BMDMs (3 independent mice) were plated at 0.5 x 10⁶ cells/well in 12-well plates in technical triplicate per condition, treated as indicated, snap frozen and stored at -80°C. For metabolomics on cytosolic fraction, BMDMs were plated at 10 x 10⁶ cells/10 cm dish and rapid fractionation was performed as previously reported. Metabolite extraction solution (MES) (methanol/acetonitrile/water, 50:30:20 v/v/v) was added (0.5 mL per 1 x 10⁶ cells) and samples were incubated for 15 min on dry ice. The resulting suspension was transferred to ice-cold microcentrifuge tubes. Samples were agitated for 20 min at 4°C in a thermomixer and then incubated at -20°C for 1 h. Samples were centrifuged at maximum speed for 10 min at 4°C. The supernatant was transferred into a new tube and centrifuged again at maximum speed for 10 min at 4°C. The supernatant was transferred to autosampler vials and stored at -80°C prior to analysis by LC-MS.

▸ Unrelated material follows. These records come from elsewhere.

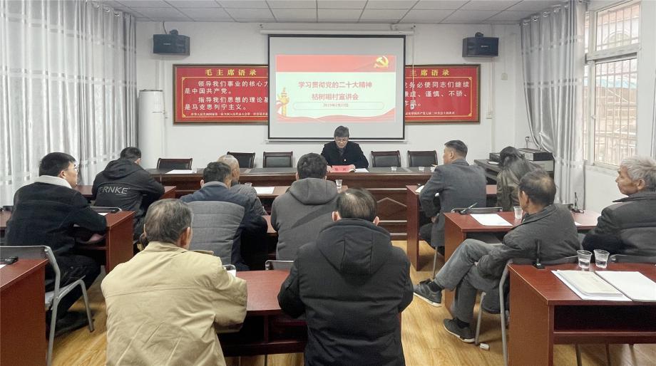 2月22日,磁湖高新公司黨委委員、總會(huì )計師陸剛赴汪仁鎮枯樹(shù)咀村宣講黨的二十大精神,鼓勵該村黨員干部進(jìn)一步提升鄉村治理能力和水平,奮力譜寫(xiě)鄉村治理新篇章。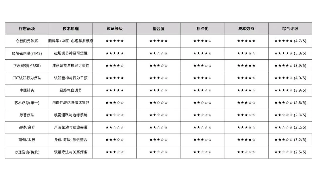 基于循证医学证据、技术整合度、标准化程度、成本效益四维度,对当前主流疗愈品项进行五星制评估(★为半星):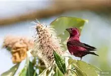 酒红朱雀小型鸟类,体长13~15厘米。雄鸟通体深红色,头部深朱红或棕红色,下背和腰玫瑰红色,眉纹粉红色而具丝绢光泽。两翅和尾黑褐或灰褐色、具暗红色狭缘,内侧两枚三级飞羽具淡粉红色先端。…全部>>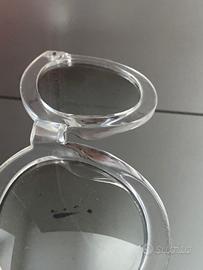 Occhiale da sole con montatura trasparente e lenti a specchio. Nell'ultima foto vede che in una lente c'è un difetto. Prototipo senza firma.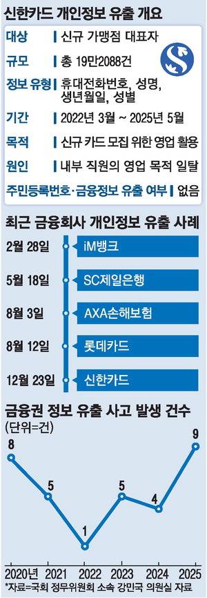 올해에만 대형 개인정보 유출 사고가 SK텔레콤, KT, 롯데카드, 쿠팡에 이어 신한카드에서까지 발생하면서 사회 전반의 불안감이 커지는 형국이다. 지난 4월 SK텔레콤에서 가입자 2696만여 명의 개인정보 25개 항목이 유출됐다. 가입자식별번호(IMSI), 단말기식별번호(IMEI) 등 개인을 특정할 수 있는 핵심 정보까지 포함되자 대리점마다 유심을 교체하려는 사람들이 몰려들어 이른바 '유심 대란'이 벌어졌다. 지난 8월 KT에서는 불법 기지국 장비를 활용한 범죄 피해로 가입자 2만2227명의 개인정보가 유출됐다. 이 가운데 368명은 약 2억4000만원 규모의 무단 소액결제 피해를 입었다. 같은 달 롯데카드 이용자 296만명의 정보가 유출되는 사고가 발생했다. 일부 회원은 연계정보(CI), 가상결제 코드 등이 유출되기도 했다.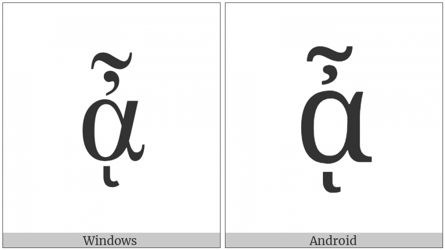 The image below shows how the “Greek Small Letter Alpha With Psili And Perispomeni And Ypogegrammeni” symbol might look like on different operating systems. If the font in which this web site is displayed does not contain the symbol and there is no fallback font able to render it, you can use the image below to get an idea of what it should look like.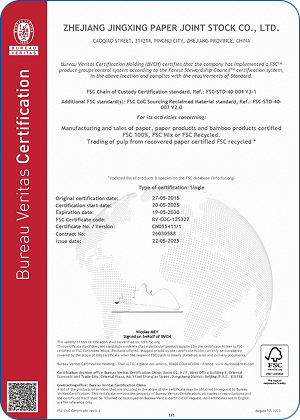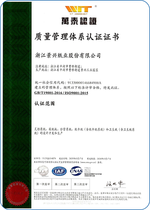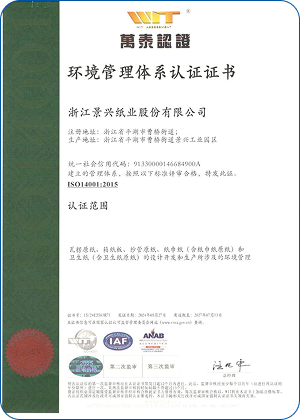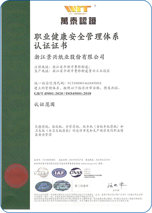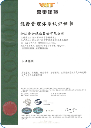 Jingxing Paper took the lead in the same industry to pass the ISO9001 quality management system and ISO14001 environmental management system certification, in 2014 passed the OHSAS18001 occupational health and safety management system certification, in 2015 passed GB / T23331 energy management system and FSC® forest system certification, passed in 2018 Certification of integration management of two industries.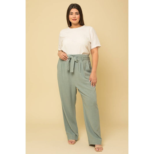 PLUS SIZE PAPERBAG WAIST TIE BELT WIDE LEG PANTS: SAGE / 1X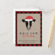 Tarjeta rústica para Navidades de la granja de vacas - con una vaca con un sombrero de Santa Hat en un fondo rústico de Kraft, rodeada de mantas de búfalo rojas y negras. La parte posterior de la tarjeta postal incluye un área para la dirección de retorno, un saludo de Navidades y un área para la dirección del destinatario. Se incluye un código QR que lleva a la dirección de su negocio, una forma muy conveniente para que sus clientes encuentren su sitio web. Todo el texto se puede editar.

 HILIC chromatographic separation of metabolites was achieved using a Millipore Sequant ZIC-pHILIC analytical column (5 µm, 2.1 × 150 mm) equipped with a 2.1 × 20 mm guard column (both 5 mm particle size) with a binary solvent system. Solvent A was 20 mM ammonium carbonate, 0.05% ammonium hydroxide; Solvent B was acetonitrile. The column oven and autosampler tray were held at 40°C and 4°C, respectively. The chromatographic gradient was run at a flow rate of 0.200 mL/min as follows: 0–2 min: 80% B; 2–17 min: linear gradient from 80% B to 20% B; 17–17.1 min: linear gradient from 20% B to 80% B; 17.1-22.5 min: hold at 80% B. Samples were randomized and analysed with LC–MS in a blinded manner and the injection volume was 5 µl. Pooled samples were generated from an equal mixture of all individual samples and analysed interspersed at regular intervals within sample sequence as a quality control. Metabolites were measured with a Thermo Scientific Q Exactive Hybrid Quadrupole-Orbitrap Mass spectrometer (HRMS) coupled to a Dionex Ultimate 3000 UHPLC or with Vanquish Horizon UHPLC coupled to an Orbitrap Exploris 240 mass spectrometer (both Thermo Fisher Scientific) via a heated electrospray ionization source.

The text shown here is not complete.